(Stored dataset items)

━━━━━━━━━━━━━━━━━━━━━━━━━━━━━━

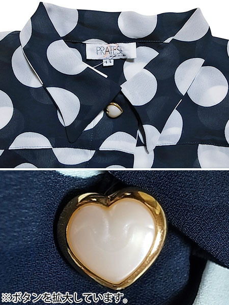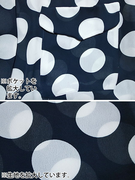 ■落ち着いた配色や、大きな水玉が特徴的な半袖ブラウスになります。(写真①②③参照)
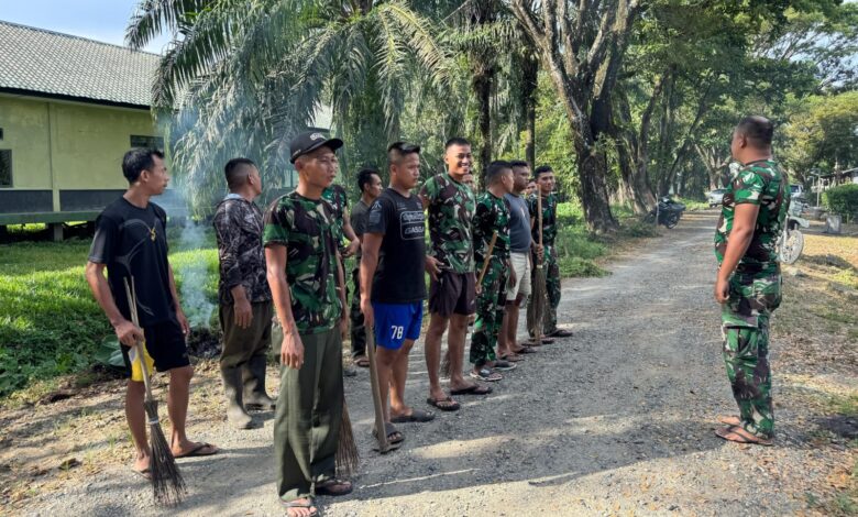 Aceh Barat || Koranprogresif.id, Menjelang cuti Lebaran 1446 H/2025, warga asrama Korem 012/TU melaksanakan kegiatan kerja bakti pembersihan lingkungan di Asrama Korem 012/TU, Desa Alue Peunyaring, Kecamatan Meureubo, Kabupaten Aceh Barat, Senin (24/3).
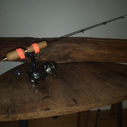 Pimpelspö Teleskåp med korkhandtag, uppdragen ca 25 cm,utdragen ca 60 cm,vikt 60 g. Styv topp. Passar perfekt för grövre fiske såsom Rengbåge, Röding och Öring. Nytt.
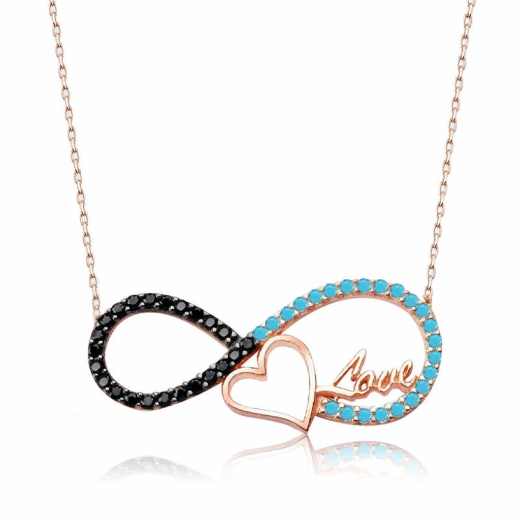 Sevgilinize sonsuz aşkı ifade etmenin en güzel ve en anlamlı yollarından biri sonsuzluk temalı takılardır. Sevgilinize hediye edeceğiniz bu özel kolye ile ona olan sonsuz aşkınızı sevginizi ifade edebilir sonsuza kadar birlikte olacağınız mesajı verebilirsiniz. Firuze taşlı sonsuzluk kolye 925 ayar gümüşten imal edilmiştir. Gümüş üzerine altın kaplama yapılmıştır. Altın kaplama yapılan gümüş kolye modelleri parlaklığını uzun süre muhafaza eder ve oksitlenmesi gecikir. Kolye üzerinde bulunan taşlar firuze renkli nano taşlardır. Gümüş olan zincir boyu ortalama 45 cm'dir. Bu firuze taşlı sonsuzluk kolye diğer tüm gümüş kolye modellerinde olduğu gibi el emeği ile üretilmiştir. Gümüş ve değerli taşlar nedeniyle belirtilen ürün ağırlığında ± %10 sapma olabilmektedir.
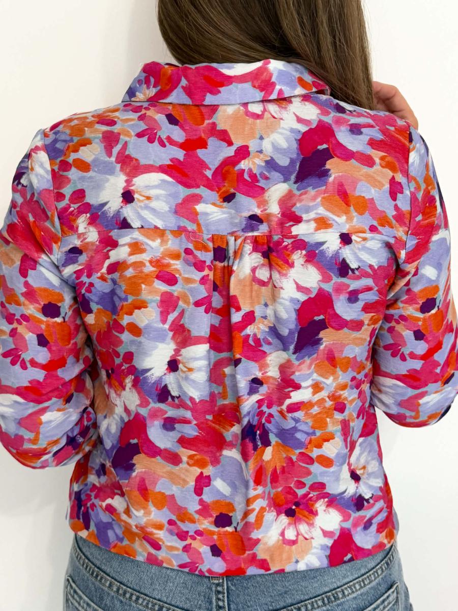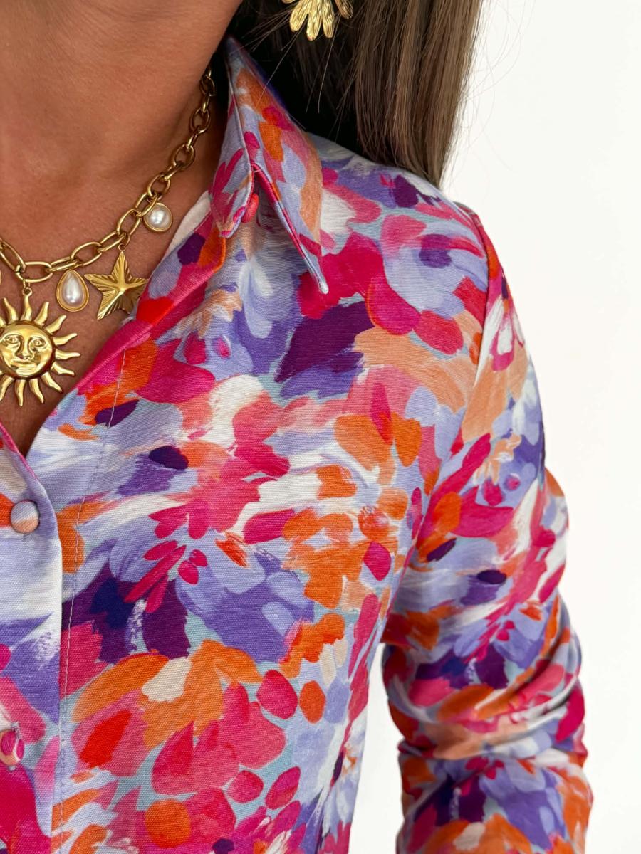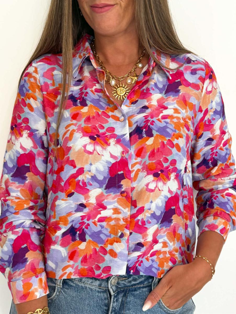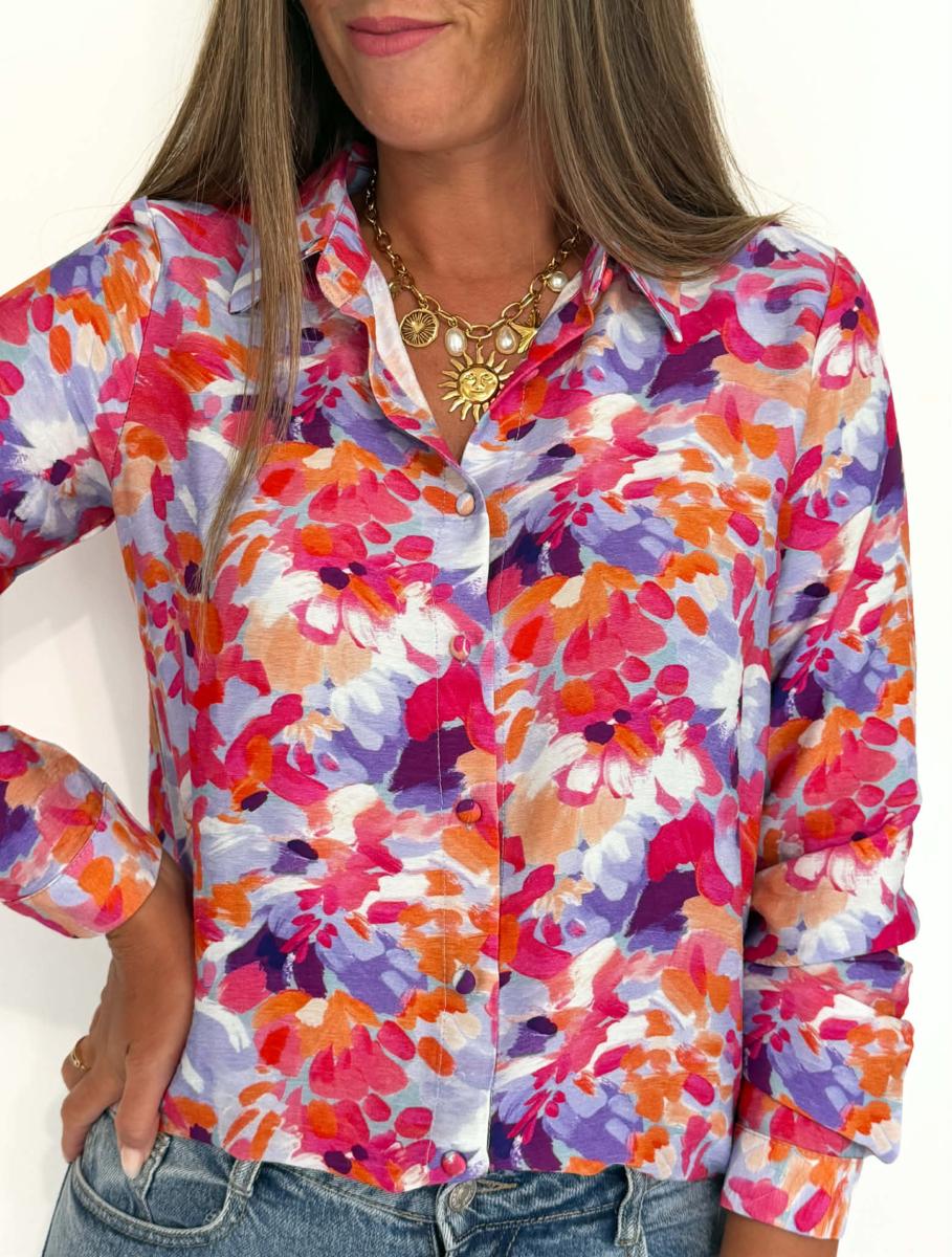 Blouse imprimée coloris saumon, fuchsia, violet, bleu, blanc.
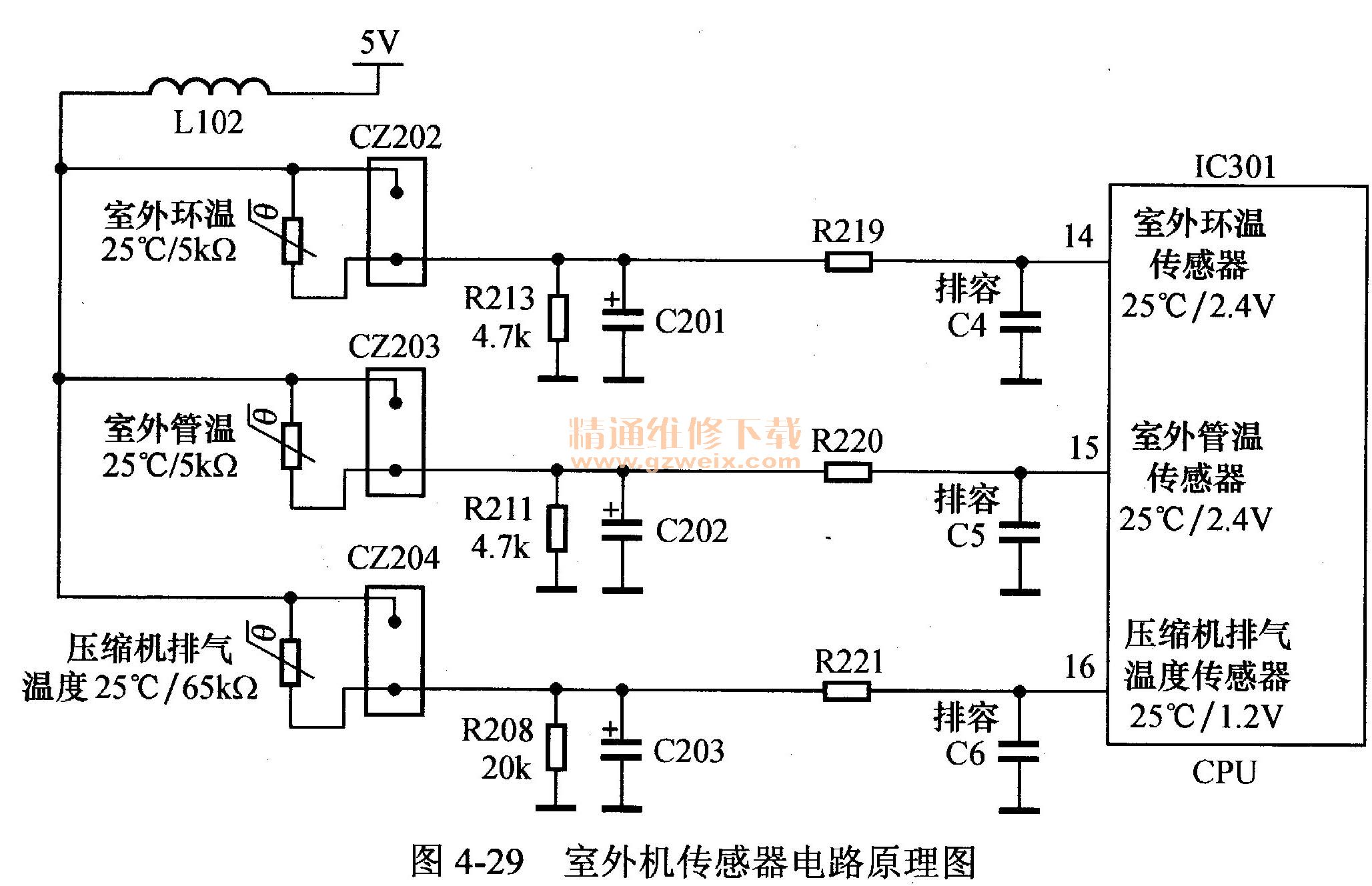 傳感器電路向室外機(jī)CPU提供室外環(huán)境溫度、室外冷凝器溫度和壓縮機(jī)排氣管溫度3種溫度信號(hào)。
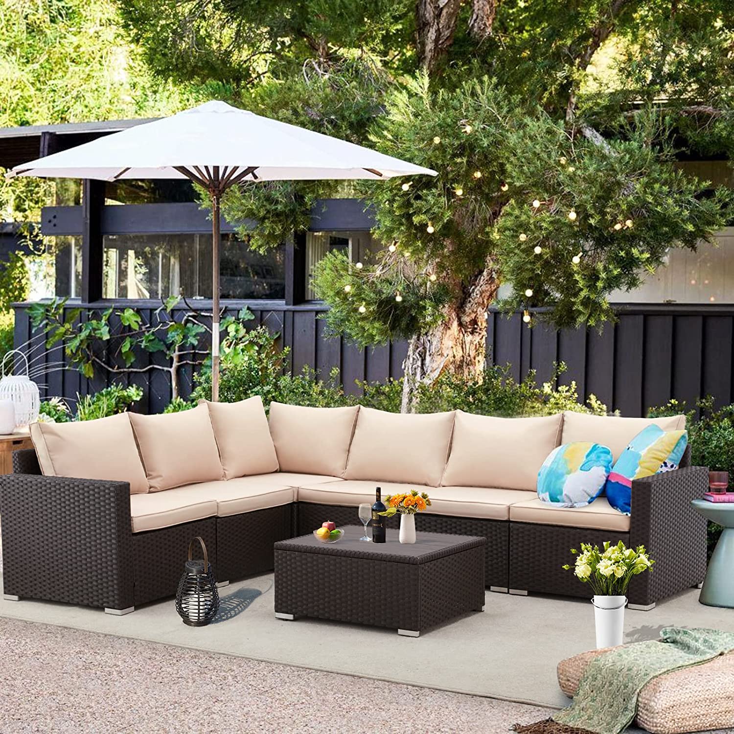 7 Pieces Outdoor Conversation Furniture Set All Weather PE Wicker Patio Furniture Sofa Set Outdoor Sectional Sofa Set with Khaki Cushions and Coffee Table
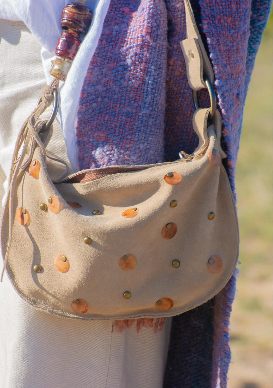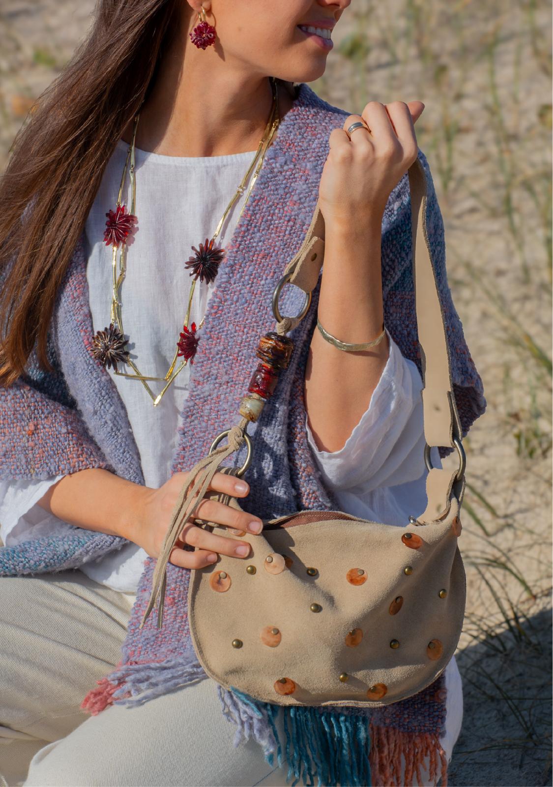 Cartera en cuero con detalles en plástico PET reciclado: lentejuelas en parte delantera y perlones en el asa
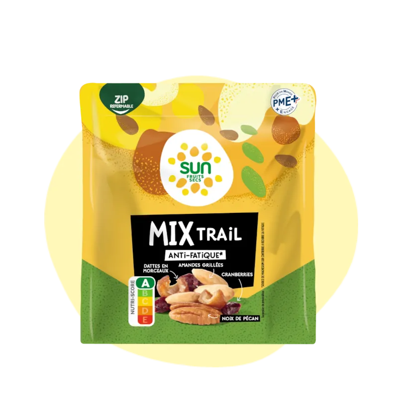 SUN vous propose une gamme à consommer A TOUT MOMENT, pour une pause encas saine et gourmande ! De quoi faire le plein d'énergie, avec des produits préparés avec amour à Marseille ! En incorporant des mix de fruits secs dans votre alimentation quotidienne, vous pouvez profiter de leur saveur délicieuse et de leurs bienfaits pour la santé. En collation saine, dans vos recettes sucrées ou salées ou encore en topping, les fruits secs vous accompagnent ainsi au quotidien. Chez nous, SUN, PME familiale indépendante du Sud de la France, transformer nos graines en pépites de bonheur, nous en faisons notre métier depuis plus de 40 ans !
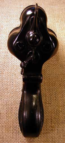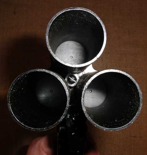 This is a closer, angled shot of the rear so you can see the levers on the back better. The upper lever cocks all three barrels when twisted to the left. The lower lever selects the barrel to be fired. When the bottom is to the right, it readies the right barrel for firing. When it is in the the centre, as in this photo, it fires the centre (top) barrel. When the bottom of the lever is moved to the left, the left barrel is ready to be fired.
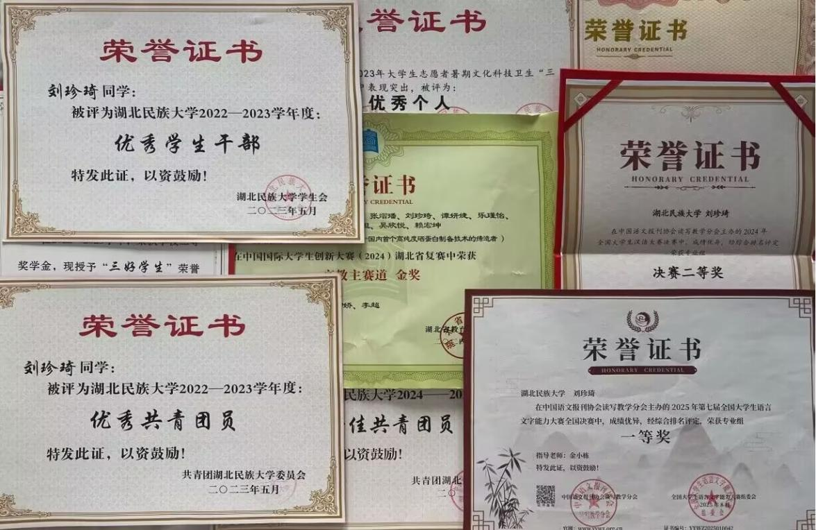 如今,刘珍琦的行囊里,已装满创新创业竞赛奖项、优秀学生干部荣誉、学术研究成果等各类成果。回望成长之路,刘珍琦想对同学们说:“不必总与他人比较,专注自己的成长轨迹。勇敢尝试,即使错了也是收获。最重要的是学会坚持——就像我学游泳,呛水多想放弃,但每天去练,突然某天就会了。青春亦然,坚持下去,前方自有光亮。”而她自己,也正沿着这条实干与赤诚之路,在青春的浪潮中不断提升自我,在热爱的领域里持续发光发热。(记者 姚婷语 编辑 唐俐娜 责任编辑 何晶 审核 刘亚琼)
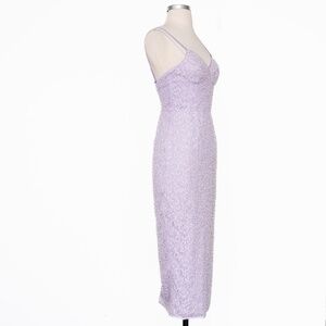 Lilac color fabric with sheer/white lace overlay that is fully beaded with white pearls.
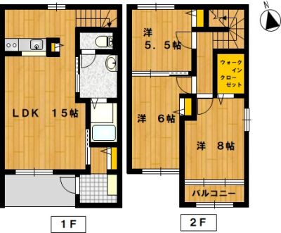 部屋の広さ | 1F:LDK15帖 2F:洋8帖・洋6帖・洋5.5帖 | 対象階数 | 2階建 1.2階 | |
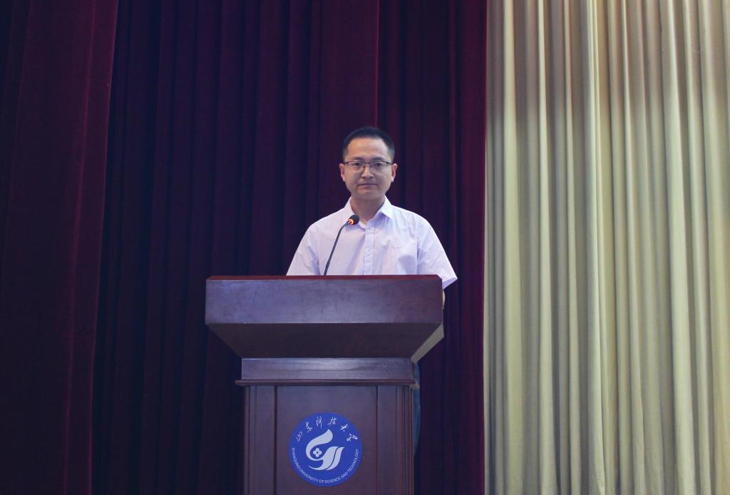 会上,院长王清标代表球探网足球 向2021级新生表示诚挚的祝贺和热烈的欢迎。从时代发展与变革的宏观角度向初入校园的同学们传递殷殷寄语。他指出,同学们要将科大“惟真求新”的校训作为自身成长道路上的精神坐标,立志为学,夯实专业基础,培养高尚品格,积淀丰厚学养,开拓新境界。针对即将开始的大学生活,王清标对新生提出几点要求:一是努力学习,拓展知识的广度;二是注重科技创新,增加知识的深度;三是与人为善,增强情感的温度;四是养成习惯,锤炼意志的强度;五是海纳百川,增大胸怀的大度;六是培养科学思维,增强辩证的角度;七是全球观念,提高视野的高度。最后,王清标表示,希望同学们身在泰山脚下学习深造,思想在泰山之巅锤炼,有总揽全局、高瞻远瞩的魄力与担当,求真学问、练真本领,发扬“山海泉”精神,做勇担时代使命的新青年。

━━━━━━━━━━━━━━━━━━━━━━━━━━━━━━

▶ [Exercise brief]: Leave out any pictures and return exactly the lines from the beginning of the data through the line with "Pimpelspö Teleskåp med", inclusive.

▶ [Solution]:
 ■落ち着いた配色や、大きな水玉が特徴的な半袖ブラウスになります。(写真①②③参照)
 Aceh Barat || Koranprogresif.id, Menjelang cuti Lebaran 1446 H/2025, warga asrama Korem 012/TU melaksanakan kegiatan kerja bakti pembersihan lingkungan di Asrama Korem 012/TU, Desa Alue Peunyaring, Kecamatan Meureubo, Kabupaten Aceh Barat, Senin (24/3).
 Pimpelspö Teleskåp med korkhandtag, uppdragen ca 25 cm,utdragen ca 60 cm,vikt 60 g. Styv topp. Passar perfekt för grövre fiske såsom Rengbåge, Röding och Öring. Nytt.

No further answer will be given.